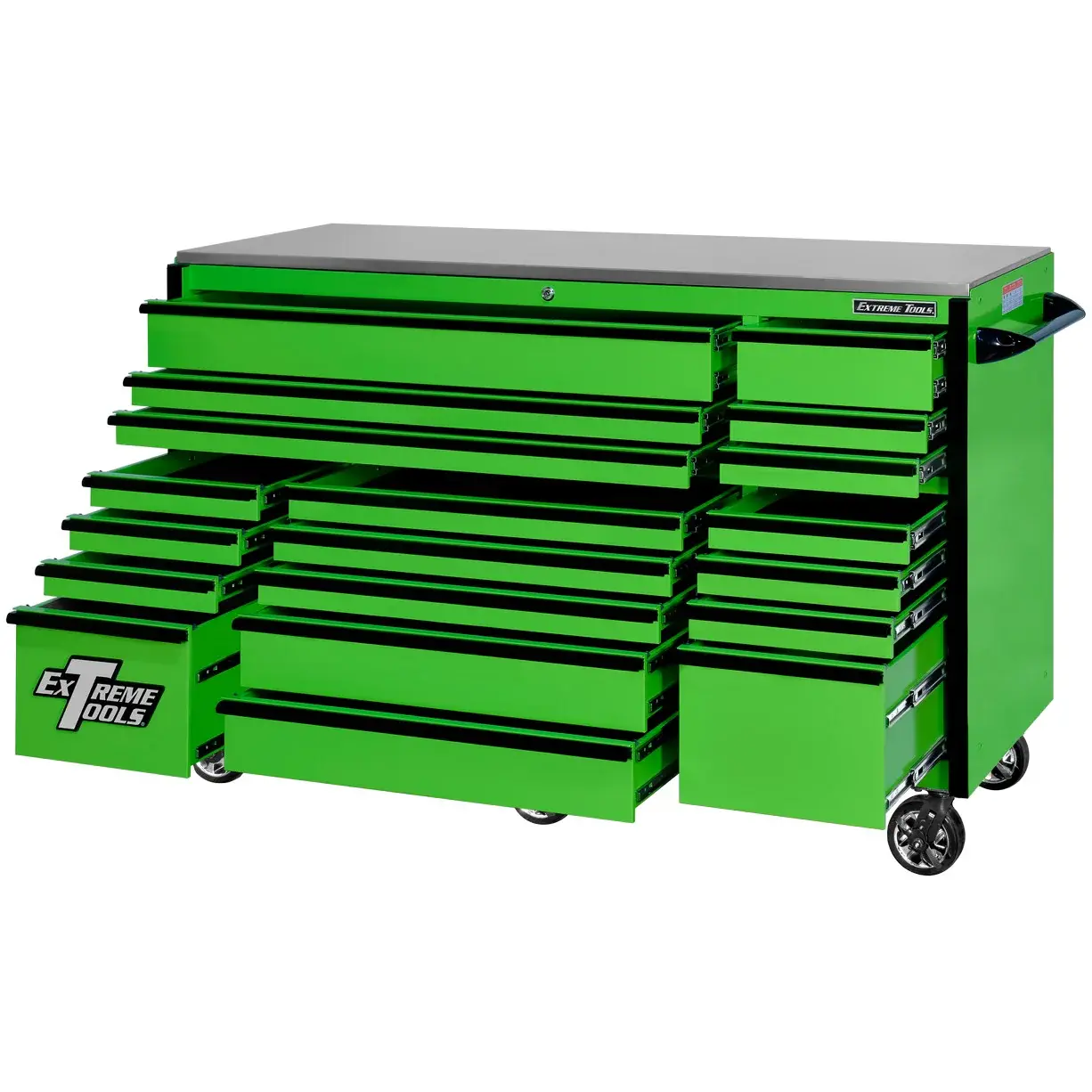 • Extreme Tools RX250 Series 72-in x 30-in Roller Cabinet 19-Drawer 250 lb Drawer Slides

========================================

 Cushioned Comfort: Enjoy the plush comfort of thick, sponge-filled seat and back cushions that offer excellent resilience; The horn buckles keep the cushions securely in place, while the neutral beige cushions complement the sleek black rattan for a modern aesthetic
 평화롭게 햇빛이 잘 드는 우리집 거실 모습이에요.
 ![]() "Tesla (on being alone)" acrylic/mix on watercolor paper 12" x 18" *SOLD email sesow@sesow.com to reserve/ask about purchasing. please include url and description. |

========================================

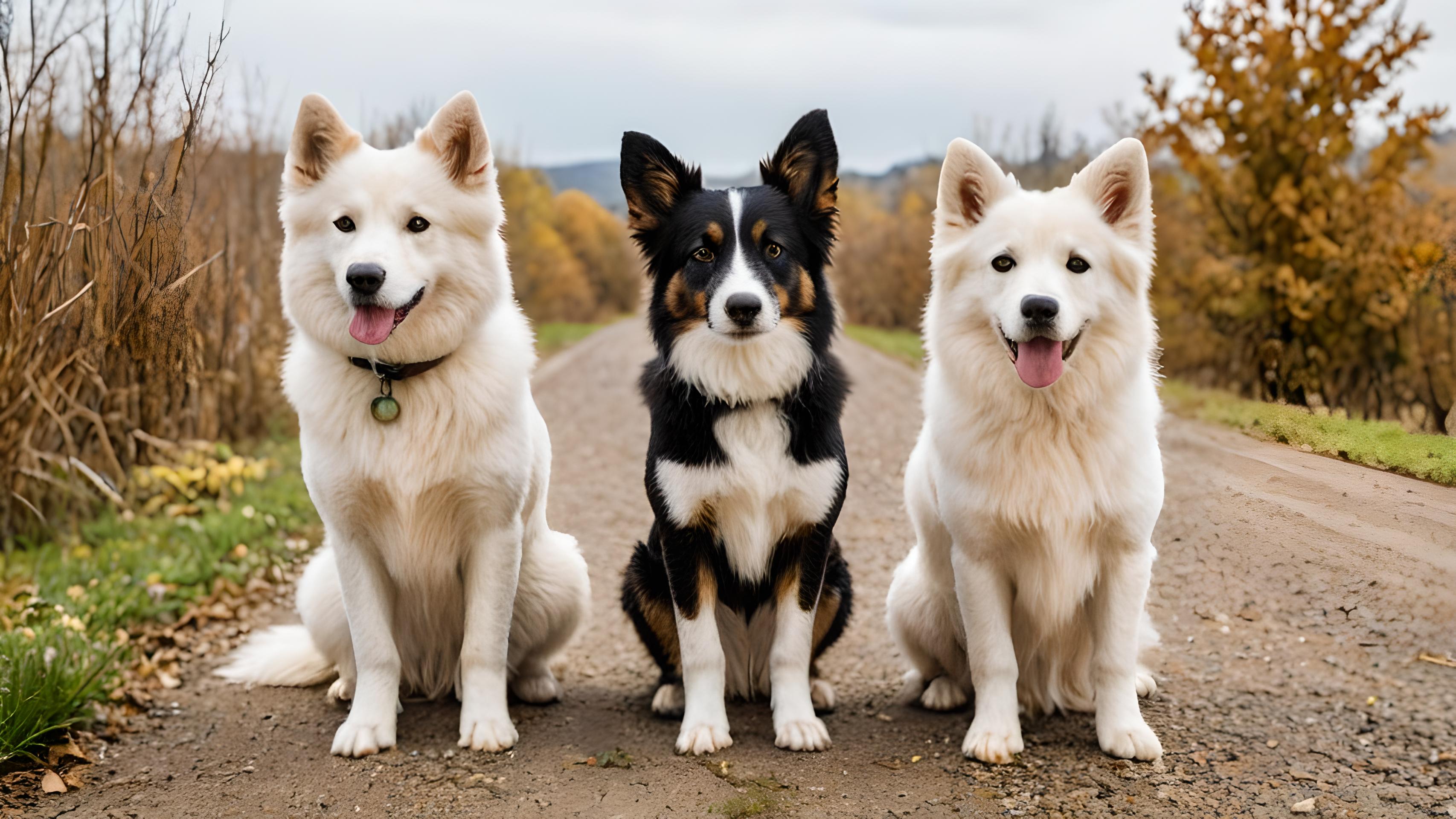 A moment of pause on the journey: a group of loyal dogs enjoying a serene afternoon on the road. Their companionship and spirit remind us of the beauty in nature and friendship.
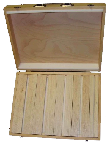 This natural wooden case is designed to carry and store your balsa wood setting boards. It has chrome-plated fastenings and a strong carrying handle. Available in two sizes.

========================================

# REQUIREMENT
Keeping every character as it is, restate the lines above that run from the line with "Cushioned Comfort: Enjoy" through the line with "평화롭게 햇빛이 잘 드는 우리집 거실 모습이에요.", both included, and nothing else.

# RESULT OF THIS EXERCISE
 Cushioned Comfort: Enjoy the plush comfort of thick, sponge-filled seat and back cushions that offer excellent resilience; The horn buckles keep the cushions securely in place, while the neutral beige cushions complement the sleek black rattan for a modern aesthetic
 평화롭게 햇빛이 잘 드는 우리집 거실 모습이에요.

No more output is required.